**What the task asks**
Among the records below, find the line with "Instelbare Timer: 60S" and the line with "Desde la franja". Set down both and every line between, exactly and with no pictures, but nothing else.

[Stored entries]
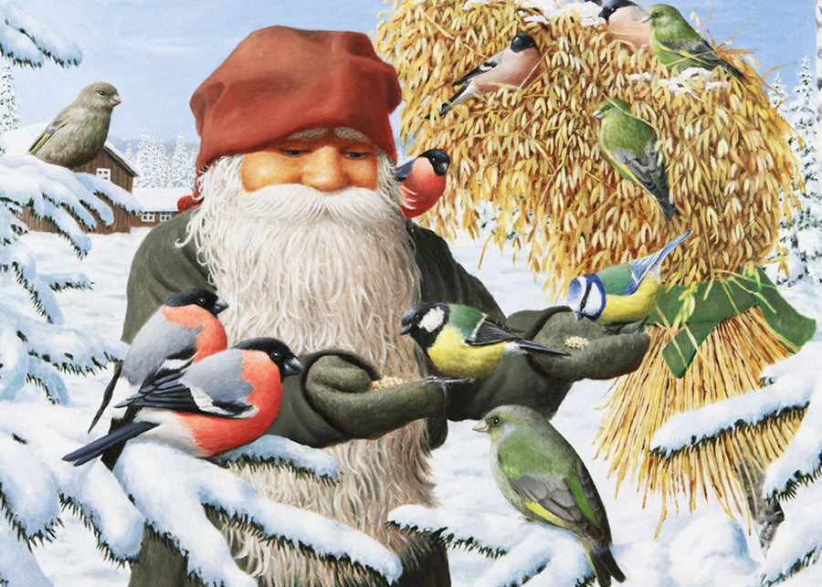 Rectangle Magnet, Jan Bergerlind Tomte Feeding Birds
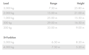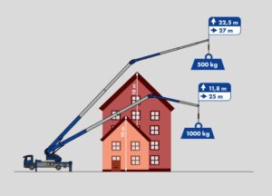 The K910 impresses with its hook height of over 39 m as well as its enormous strength. Its maximum load capacity is 5,000 kg, the lateral outreach with a load of 1,000 kg is 25 m. Equipped with a 2-fold hydraulically telescopic fly jib and a V-shaped outrigger with a maximum width of 6.14 m, the crane can be easily set up even where space is limited. The K910 is extremely manoeuvrable on an 18-tonne truck with a short wheelbase and is the ideal machine for inner-city areas.
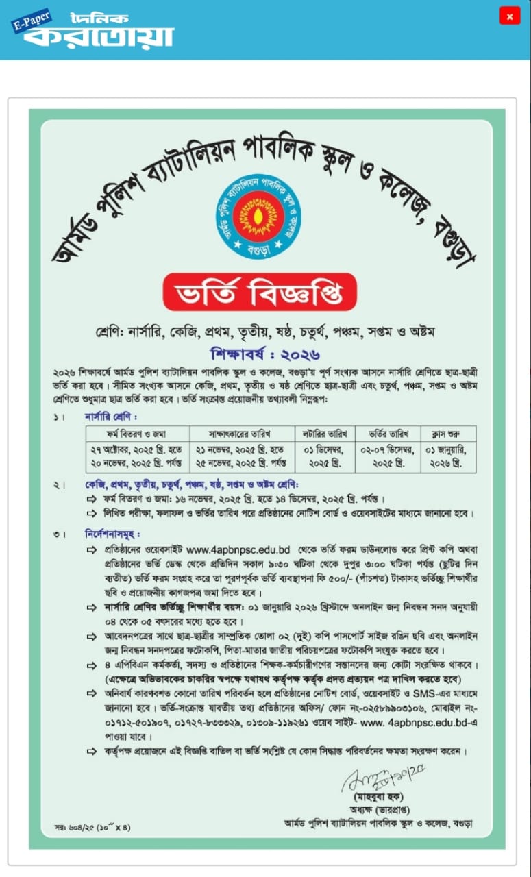 ২০২৬ শিক্ষাবর্ষে ভর্তি বিজ্ঞপ্তিby dhakaOctober 27, 2025 View/Download previousনিয়োগ বিজ্ঞপ্তি- ২০২৫next২০২৬ শিক্ষাবর্ষে ভর্তি ফরম
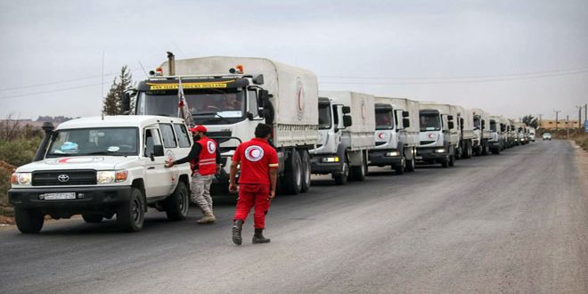 أوصلت فرق الهلال الأحمر العربي السوري بدرعا اليوم 5700 سلة غذائية ومثلها من الطحين إلى 6 بلدات بمنطقة حوض اليرموك في ريف درعا الغربي.
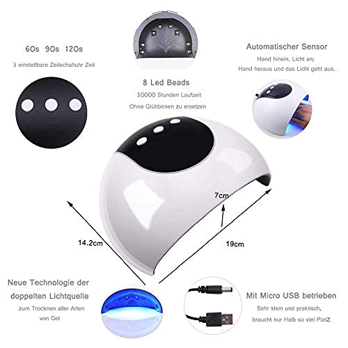 Instelbare Timer: 60S / 90S / 120S — Met het lampje gaat aan met een druk op de knop en het aftellen begint. Auto-Sensor: het gaat automatisch aan of uit als je je hand / voet erin / eruit haalt
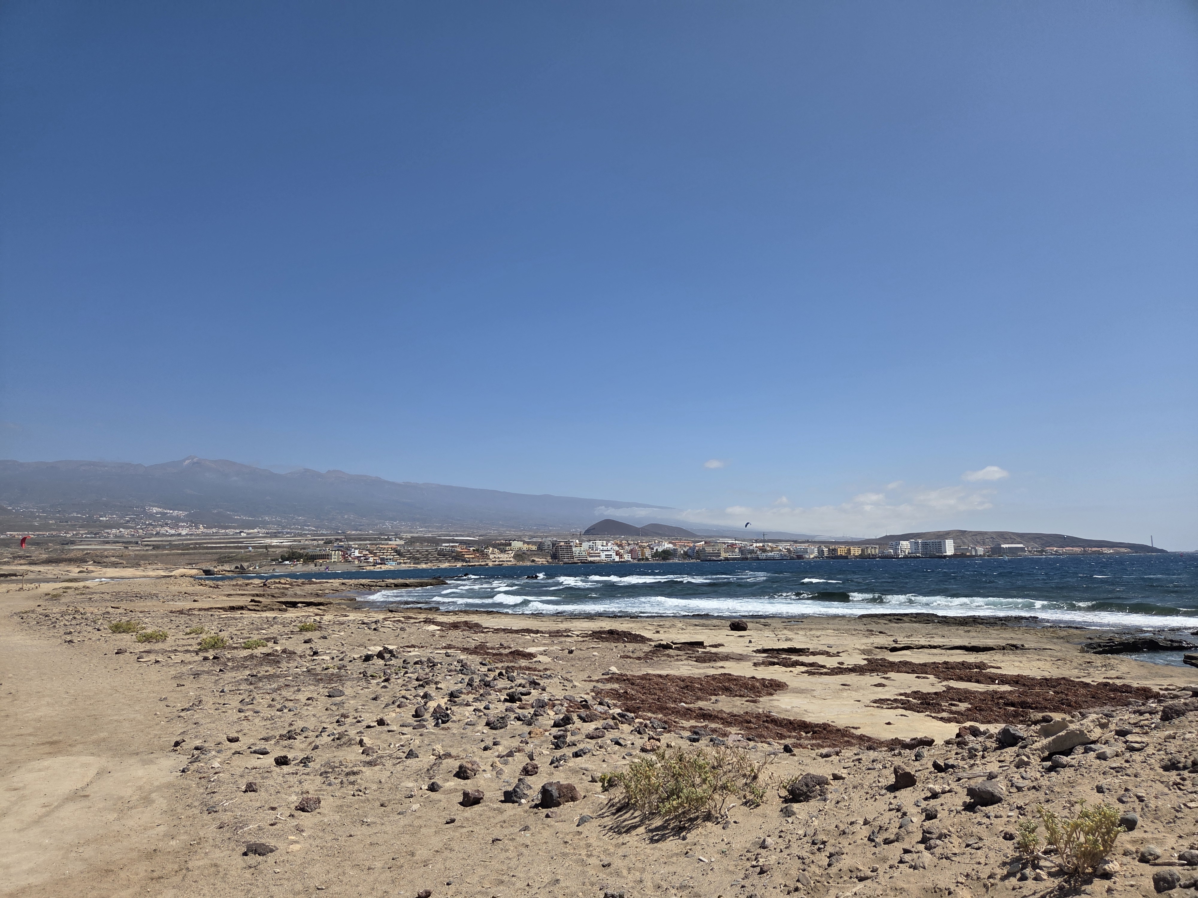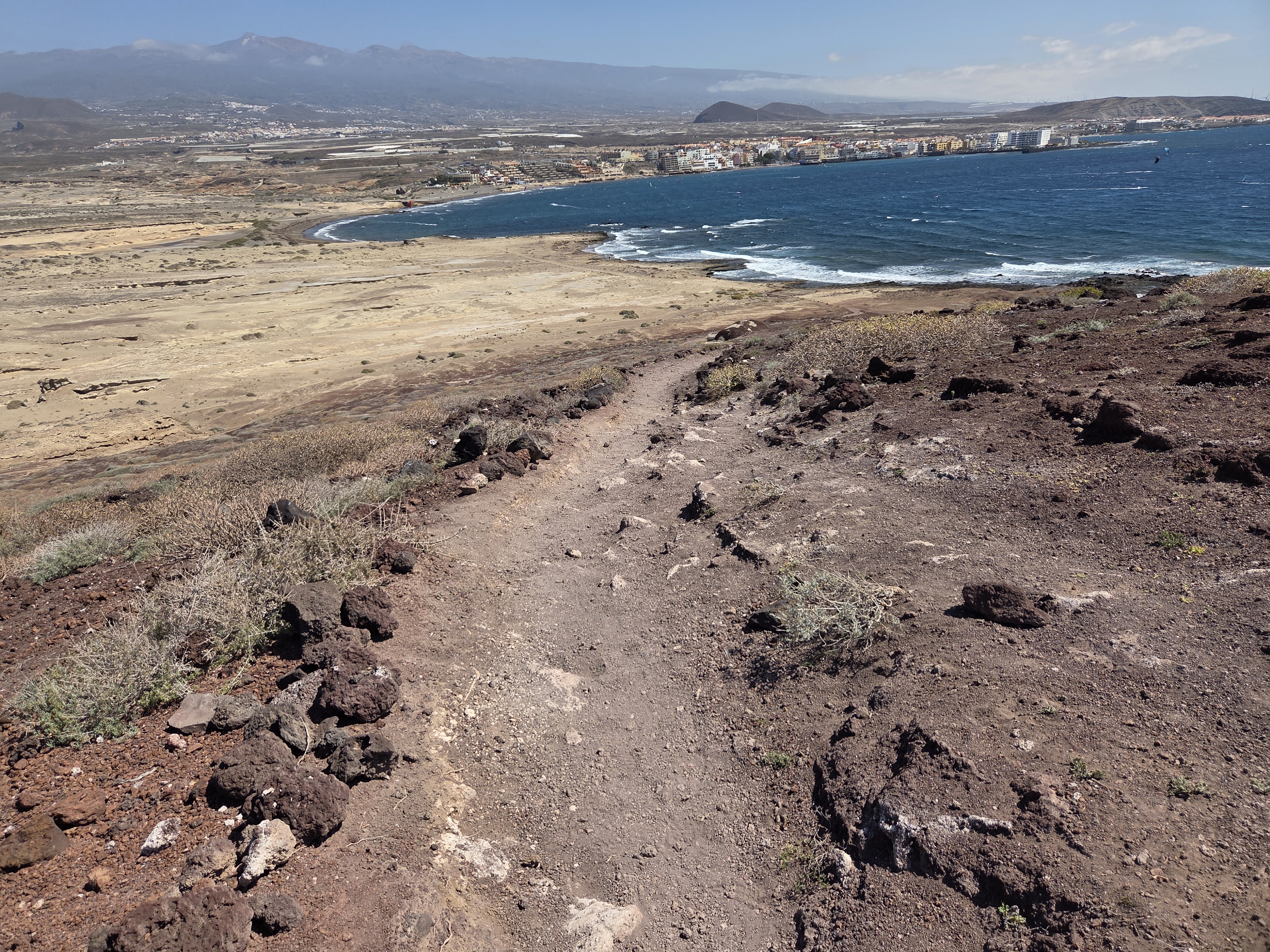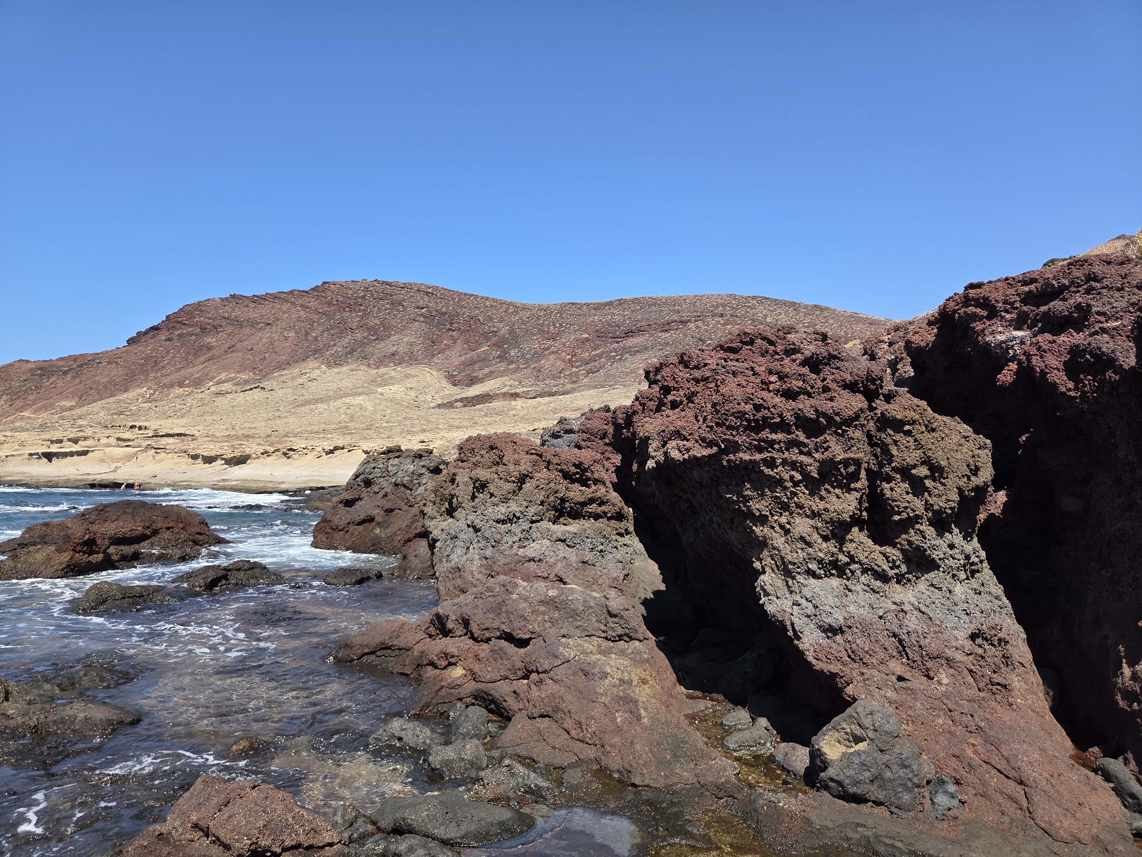 Desde la franja costera se reconoce enseguida el carácter árido y volcánico del entorno. El terreno es cómodo pero pedregoso y conviene llevar calzado con suela firme; en días ventosos, una gorra o pañuelo ayuda bastante.
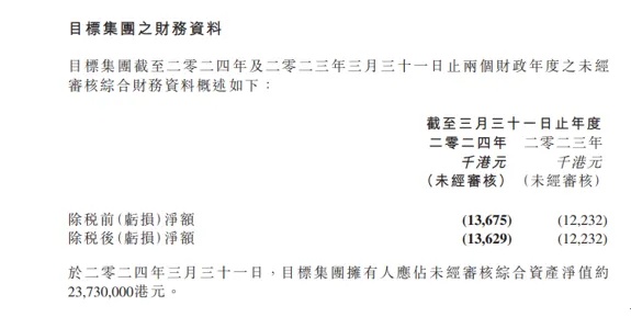 目标公司由中国农产品(00149.HK)于2013年成立,于江苏省淮安市从事农产品及副产品批发市场营运。目标集团自2021年以来一直处于亏损状态。就说明而言,目标集团截至2022年、2023年及2024年3月31日止三个财政年度的未经审核综合亏损净额分别约为2290万港元、1220万港元、1360万港元。
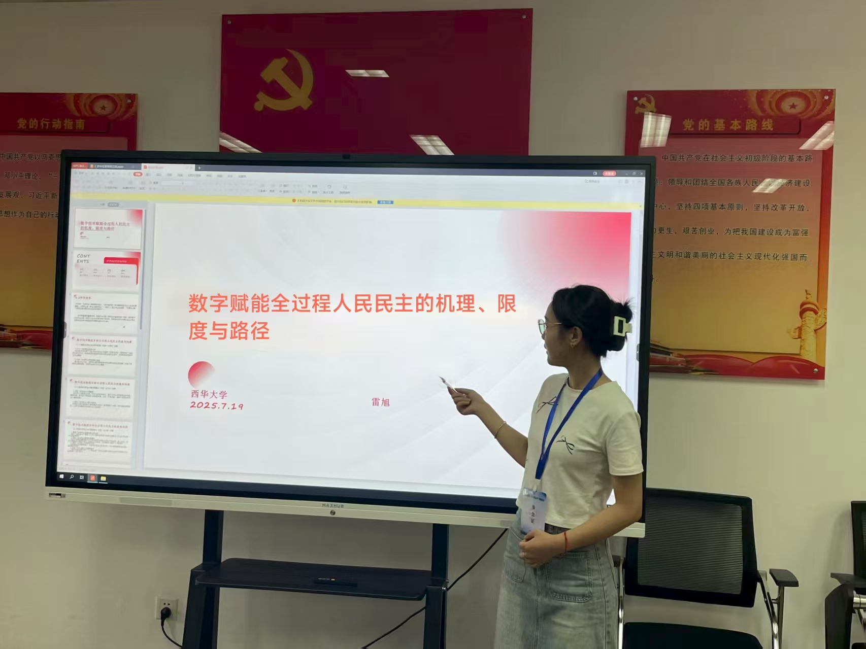 2023级研究生雷旭所撰写的论文《数字赋能全过程人民民主的机理、限度与路径》在“数智时代的政治与法治”分论坛上发言,论文从全过程人民民主的基本概念出发,强调数字技术对于全过程人民民主的赋能效应主要体现在赋能资源要素整合、全员参与、全程参与、全面参与四个方面;但还存在着制度智能化建设不足、人民数字化参政能力匮乏、数字基础设施建设不足等问题,为此需要精准施策,提升赋能效果。
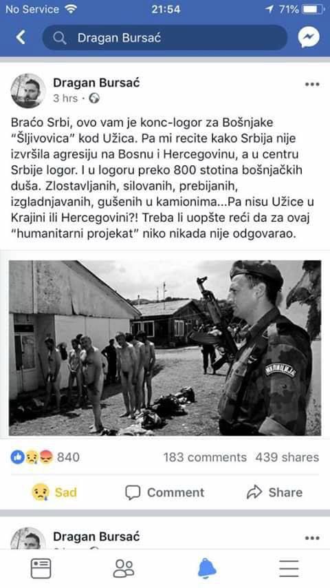 – Braćo Srbi, ovo vam je konc-logor za Bošnjake „Šljivovica“ kod Užica. Pa mi recite kako Srbija nije izvršila agresiju na Bosnu i Hercegovinu, a u centru Srbije logor. I u logoru 800 stotina bošnjačkih duša. Zlostavljanih, silovanih, prebijanih, izgladnjavanih, gušenih u kamionima… Pa nisu Užice u Krajini ili Hercegovini!? Treba li uopće reći da za ovaj „humanitarni projekat“ niko nikada nije odgovarao – napisao je Bursać.
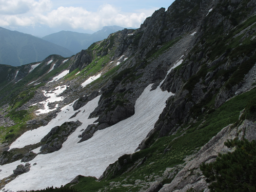 写真だと距離感がつかめないがかなりでかい。これは氷河だろうと思った。表面の雪を掘ったら古い氷の塊が出てくると思った。しかし野口五郎岳の稜線から見ると北アならどこにでもある小さな雪渓にしか見えなかった。 |
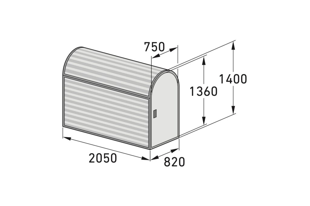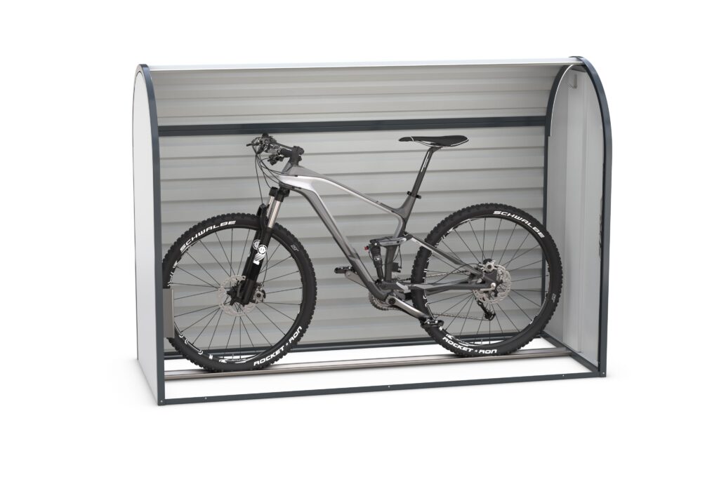 Zur Innenausstattung gehören eine Einstellschiene und ein Mehrzweckhaken. Ideal für den Einsatz an öffentlichen und privaten Standorten wie Schulen, Unternehmen, Wohnanlagen oder Bike-&-Ride-Stationen.

**Worked solution**
 Instelbare Timer: 60S / 90S / 120S — Met het lampje gaat aan met een druk op de knop en het aftellen begint. Auto-Sensor: het gaat automatisch aan of uit als je je hand / voet erin / eruit haalt
 Desde la franja costera se reconoce enseguida el carácter árido y volcánico del entorno. El terreno es cómodo pero pedregoso y conviene llevar calzado con suela firme; en días ventosos, una gorra o pañuelo ayuda bastante.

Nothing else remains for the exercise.